Effect of surface modification of multi-walled carbon nanotubes on thermal conductivity of underfill for microelectronic packaging

Abstract

In this research, multiwalled carbon nanotubes (MWCNTs) were directly functionalized with benzene-1,3,5-tricarboxylic acid (BTC) and 3,5-diaminobenzoic acid (DAB) via a Friedel-Crafts acylation with less structural damage as confirm by FT-IR, XPS and FT-Raman analysis. The functional groups on MWCNT surfaces can accelerate the curing reaction of epoxy composites remarkable inducing rather low exothermic peak temperature (T[subscript p]), exothermic heat of reaction (∆H) and activation energy (E[subscript a]).
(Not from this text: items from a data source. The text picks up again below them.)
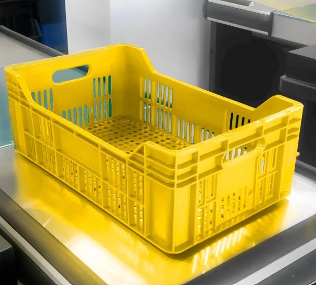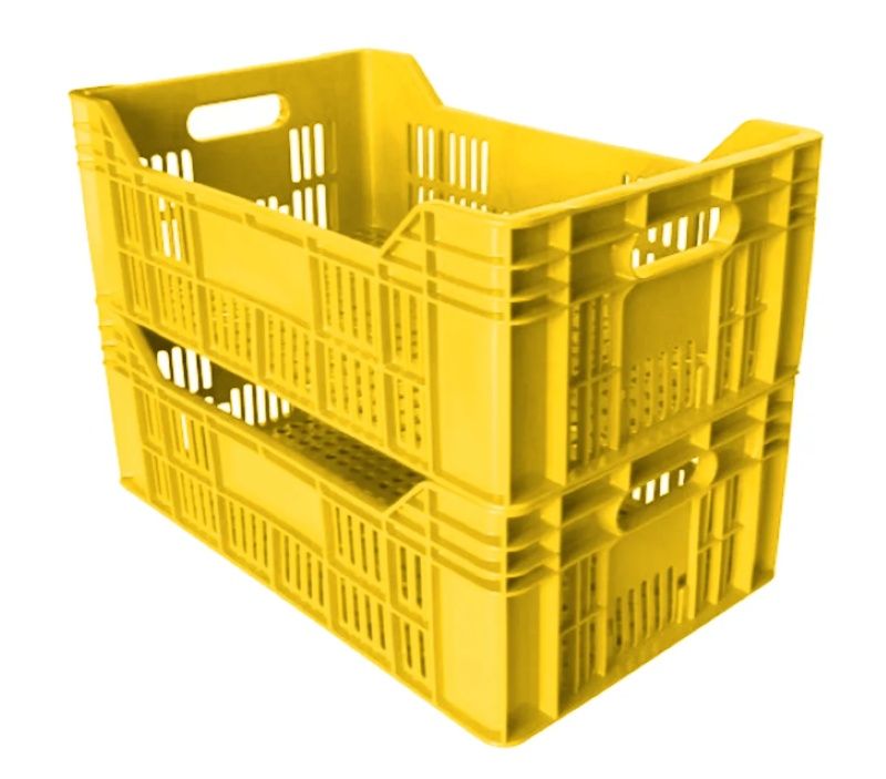 Caixa plástica vazada empilhável Bolivar de 54x34x30 cm, ideal para armazenar alimentos ou objetos.
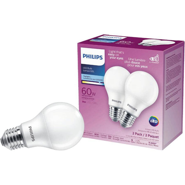 Philips LED 9W (60W equivalent) household bulb. Energy savings and long life. Provides a light similar to natural daylight, creating a cool and refreshing environment. Instant-on, delivering beautiful, consistent light. The A19 shape is similar size and shape as a traditional incandescent bulb. Emits virtually no heat and will not fade fabrics or furnishings. Ideal for table and floor lamps.
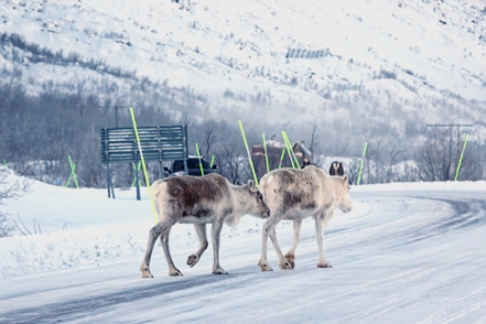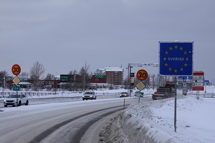 Unterwegs sehen wir dann noch zahlreiche Rentiere. Bei fantastischem Wetter und Fahrt durch großartige Landschaft erreichen wir bald die Grenzstation Riksgränsen, wo wir Schweden erst einmal verlassen.

Additionally, the crosslink density (ρ) increased and free volume fraction (f[subscript g]) decreased with the addition of functionalized MWCNTs, resulting in dramatic increase of glass transition temperatures (T[subscript g]) and decrease of coefficient of thermal expansion (CTE). The thermal conductivity enhancement can be observed with functionalized MWCNT systems probably due to good dispersion and decreased interfacial thermal resistance between MWCNT and polymer matrix. Moreover, the modified Maxwell-Garnett typed EMA model is appropriate for predicting effective thermal conductivity of epoxy composites filled with low concentration of MWCNTs. Epoxy composites incorporated with hybrid fillers which consisted of MWCNTs and submicron-sized silicon nitride (Si₃N₄) exhibit higher thermal conductivity than those with single filler, thereby forming high packing density and perfectly heat conductive pathways.